WASHINGTON – Members of an independent commission on Iraq policy could not reach a consensus Tuesday on how many or how long U.S. troops should remain in Iraq, forcing the group to return for a third day of debate, according to an official close to the panel's negotiations.
Panel members mostly made no comment as they left the Woodrow Wilson Center on Tuesday afternoon. But Leon Panetta, former White House chief of staff to President Clinton , hinted at some struggles, telling reporters, "Trying, trying to find a ... trying to find consensus. ... It goes up and down."
The Iraq Study Group , a bipartisan panel created to recommend changes in U.S. war policy, is having difficulties reaching agreement on what the appropriate level of U.S. troops should be in Iraq, whether there should be a phased withdrawal, and if so, under what time frame, said the official, who spoke on condition of anonymity because the panel's deliberations are private.
A second official has said that the commission was unlikely to propose a timetable for withdrawing U.S. troops from Iraq but that some members seemed to favor setting a date for only an initial withdrawal, an idea that has been pushed by many congressional Democrats.
The first official said Tuesday that the group was still struggling over whether to set a hard deadline for withdrawing U.S. forces or if there should be any short-term increase in troops as the U.S. works to train and build up Iraq's security forces. There are currently about 139,000 U.S. troops in Iraq.

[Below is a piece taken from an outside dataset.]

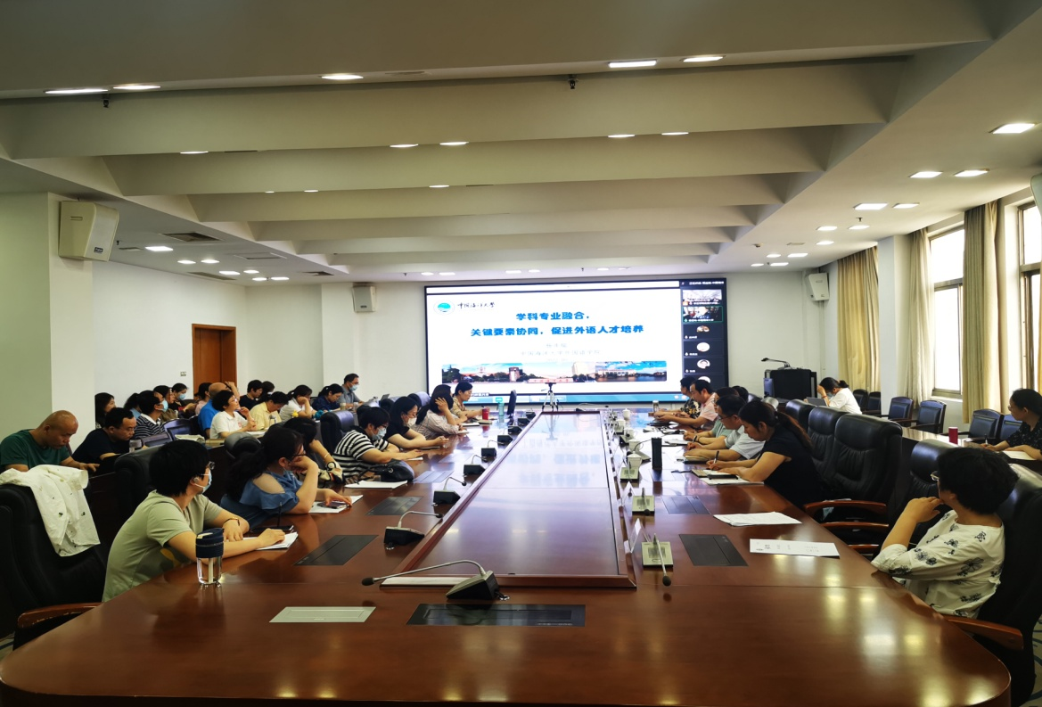 5月25日下午,我校“名师大讲堂”系列学术报告第八讲在综合楼三楼会议室通过腾讯会议方式成功举办。中国海洋大学外国语学院博士生导师、外国语学院院长杨连瑞教授应邀做了题为“外语人才培养中的关键要素协同——兼谈外语教师的专业发展”的学术报告。外国语学院、大学英语教学部全体专业教师、外国语学院师范类专业学生以线上方式参加了会议,会议由社会科学处处长何芳主持。

The questions are key to the U.S. future policy in Iraq following the November election in which Democrats swept control of the House and Senate largely due to voters discontent with the progress of the war.
Leaving the daylong meeting Tuesday afternoon, members of the panel, which is headed by former Republican Secretary of State James A. Baker III and former Democratic Rep. Lee Hamilton, played down any divisions among the diverse group.
"It's a good group to work with, let's just put it that way," said Panetta, as he emerged with Vernon Jordan, who was a Clinton adviser, and former Republican Sen. Alan Simpson of Wyoming.
The group was initially expected to wrap up their deliberations Tuesday. People close to the commission said they expect the panel to issue a bipartisan, consensus report some time next month.
Officials have said a consensus report is the group's goal, rather than having the panel issue one that suggests two divergent opinions with no clear recommended path.
Panel members are also expected to urge the Bush administration to reach out to Iran and Syria, as part of an effort to get regional governments involved in stabilizing Iraq.
Bush, attending a NATO summit in Riga, Latvia, renewed his pledge Tuesday not to pull U.S. troops out "until the mission is complete." He also repeated a warning to both Iran and Syria not to meddle in Iraq.